There had been something bugging me about the day Tripper left me: June 25. Why that day? Why didn't he come to our new ranch? Was it a Friday that was bothering me? Was it the date? A persistent nagging I could not shake.
On Tuesday, I was talking with Bonnie and telling her the story of losing Tripper. She asked me when that happened and I gave her the date. Again, that tug. What was I missing?
I took some time to sit on the sofa with Pooker and let my mind go. Let the feelings come and go and I did my best to not grab onto any one of them but to let them wash over me and let me feel. My eyes were closed and my breathing was slow and calm.
I saw my friend Fred Burrill. Fred Burrill's birthday was June 25. He would have been in his early 100s this year.
Several of you know who Fred is, many of you do not.
Mr. Burrows as we called him as kids, lived up the street from us. He was a tall man with a tick in his walk. He walked everywhere, he did not drive. Fred would pass our house with his fishing rod in hand and his fishing vest packed with the necessities of his outing. Off he went to catch the bus to head to his post. We would yell over from the porch, "Hi Mr. Burrows!" And his smile would gleam in our direction and his large hand would wave back at us.
We went up to his house to get candy. And he had a never ending supply. He was a happy man. He seemed to have no worries, no enemies, no reason to not be smiling.
Many years later I was visiting my parents and who came walking up the street but Mr. Burrows. He was carrying his grocery bags, this time a little more hunched over. I asked him if I could help him home. We chatted on the way to his house and it was the first time I had ever been inside his house. It was small, a shotgun apartment.
From there, our friendship blossomed. And I learned his name was not Mr. Burrows but Mr. Burrill, or Fred.
I would visit him and we'd play cribbage or listen to Hawaiian music on his old style cassette player or we would head to the super market in my Volkswagen Fox--ample space for me, a bit cramped for my 6'4" friend.
During our visits, he told me stories of his early life, he shared precious pearls of wisdom and he always reminded me, "take it slow."
For one of his birthdays, my dear friend Suzanne came over with her cello and played him a private concert and sang to him. If you could have seen the smile on his face. It was simple and beautiful. I gave him a new music player with buttons that were easier for his curling fingers to press to play his music and with speakers a bit stronger so he could hear better with his aging ears.
One of our last outings was to the Kennedy Library. He didn't come inside, it was getting too difficult to get in and out of the car. But we sat there with the windows open feeling the ocean mist and listening to the waves hit the rocks below and the seagulls singing their nautical tunes. That was a special moment. We both were in the same car yet someplace else in our minds and hearts and enjoying every minute.

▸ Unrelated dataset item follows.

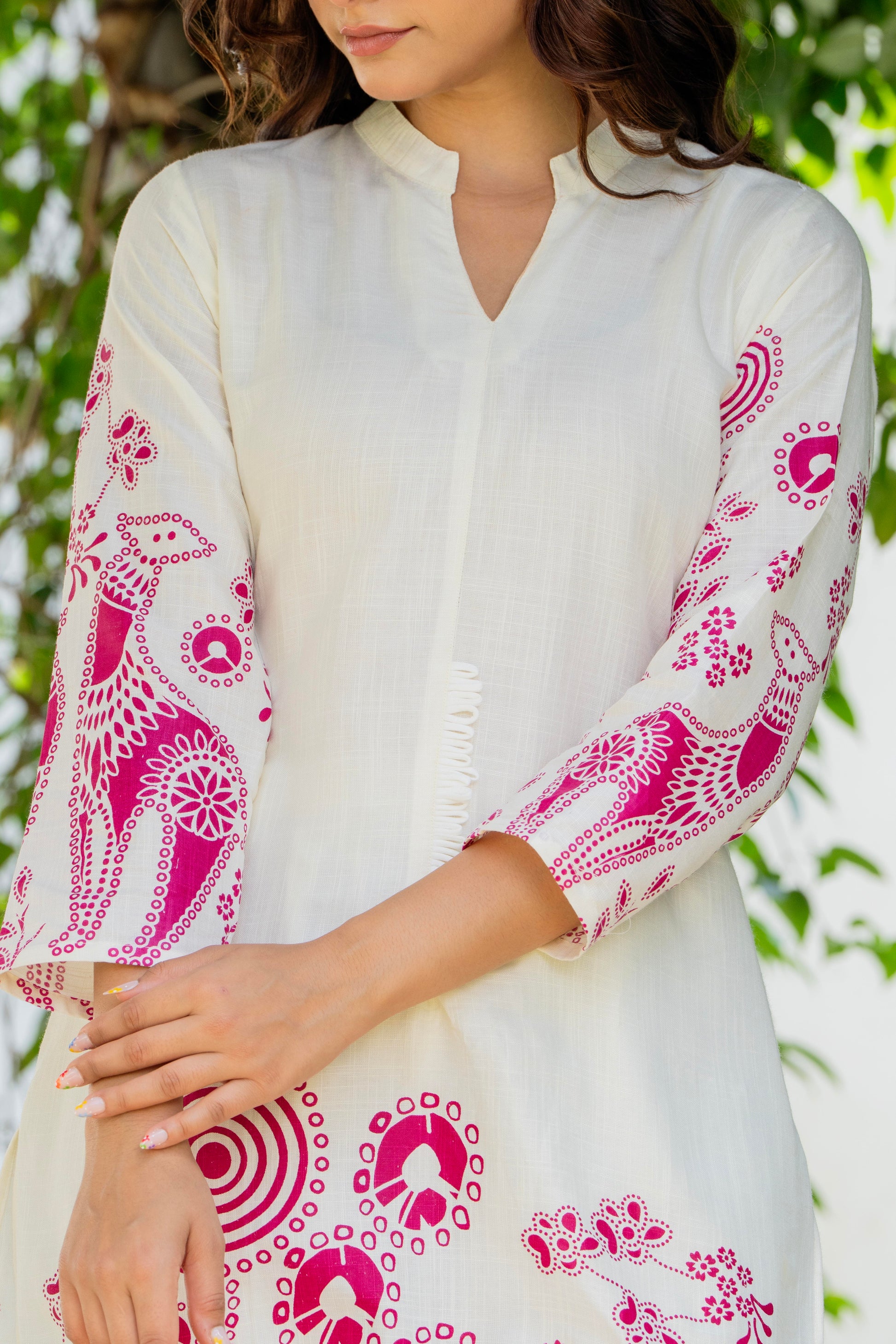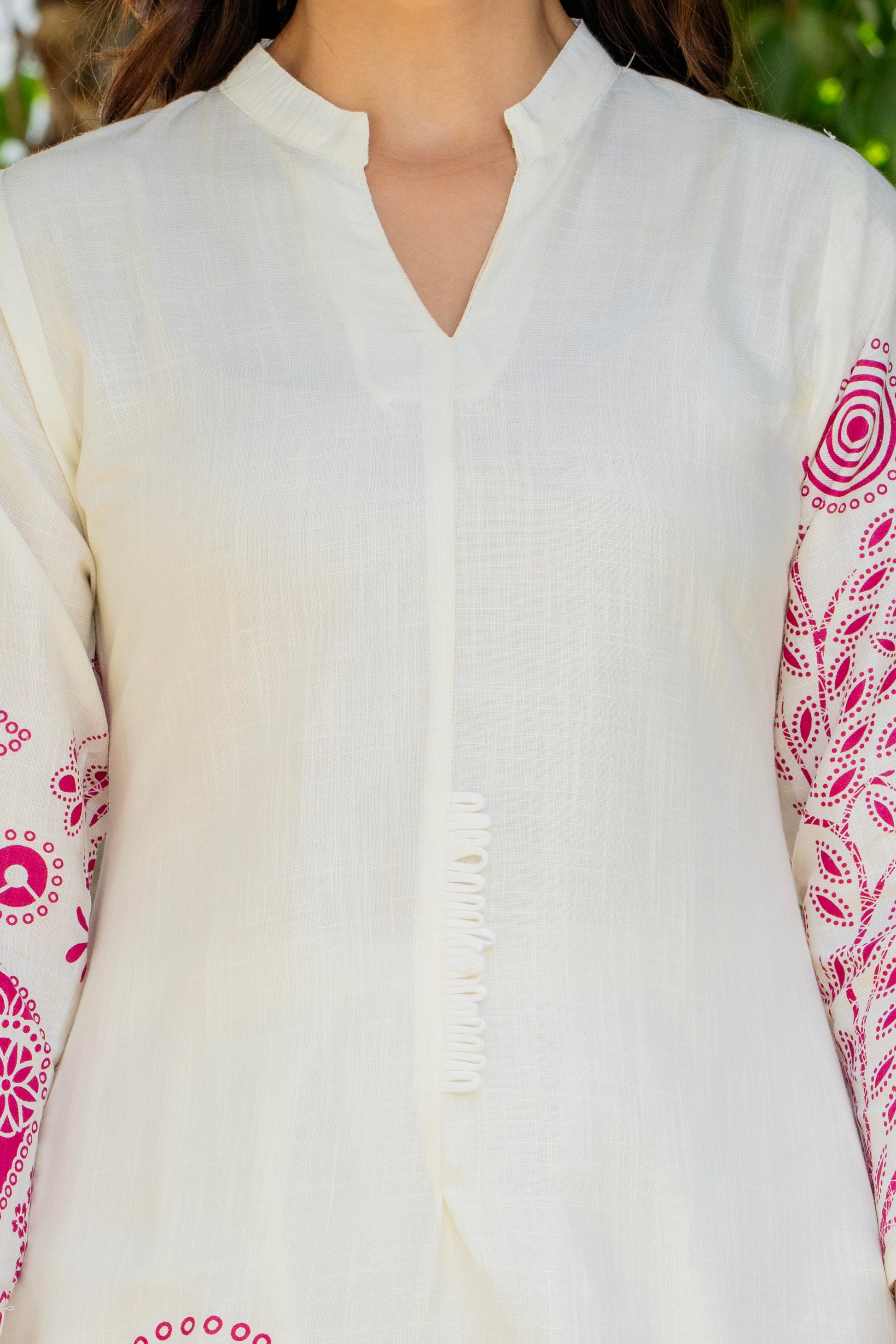 Elevate your casual wardrobe with this Off White Printed Cotton Flex Co-Ord Set, crafted for comfort and style. Made from breathable cotton fabric with a flexible fit, this set ensures ease of movement throughout the day. Its elegant print adds a subtle charm, making it perfect for casual outings or relaxed gatherings. Versatile and lightweight, it pairs effortlessly with accessories to create chic, effortless looks.

Fred moved into a nursing home and I saw him a couple of times. We still managed to get in a game of cribbage.
I moved to Argentina and my mother read me a letter sent to me by a family who knew him. Fred had passed away.
There is great wealth in having someone so wise in your life. His influence was significant. His steadiness and confidence was reassuring and inspiring. He was a good friend.
So, with this memory I have come to understand the meaning of Tripper's death. He came into my life at an important time of transition. He offered me stability and consistency. He was a rock of unconditional love. He was much like my dear old friend, Fred: the one who has been there and done that and who didn't get too riled about anything. He reminded me what was important in life. Fred and Tripper did that.
I am blessed to have had these friendships. And I believe they are intertwined. June 25 was no random day. June 25 made perfect sense and I am so relieved to have put this together.
When I get back to Long Beach and to my photos, I will post a photo of Fred on his concert birthday. You'll see everything in his smile.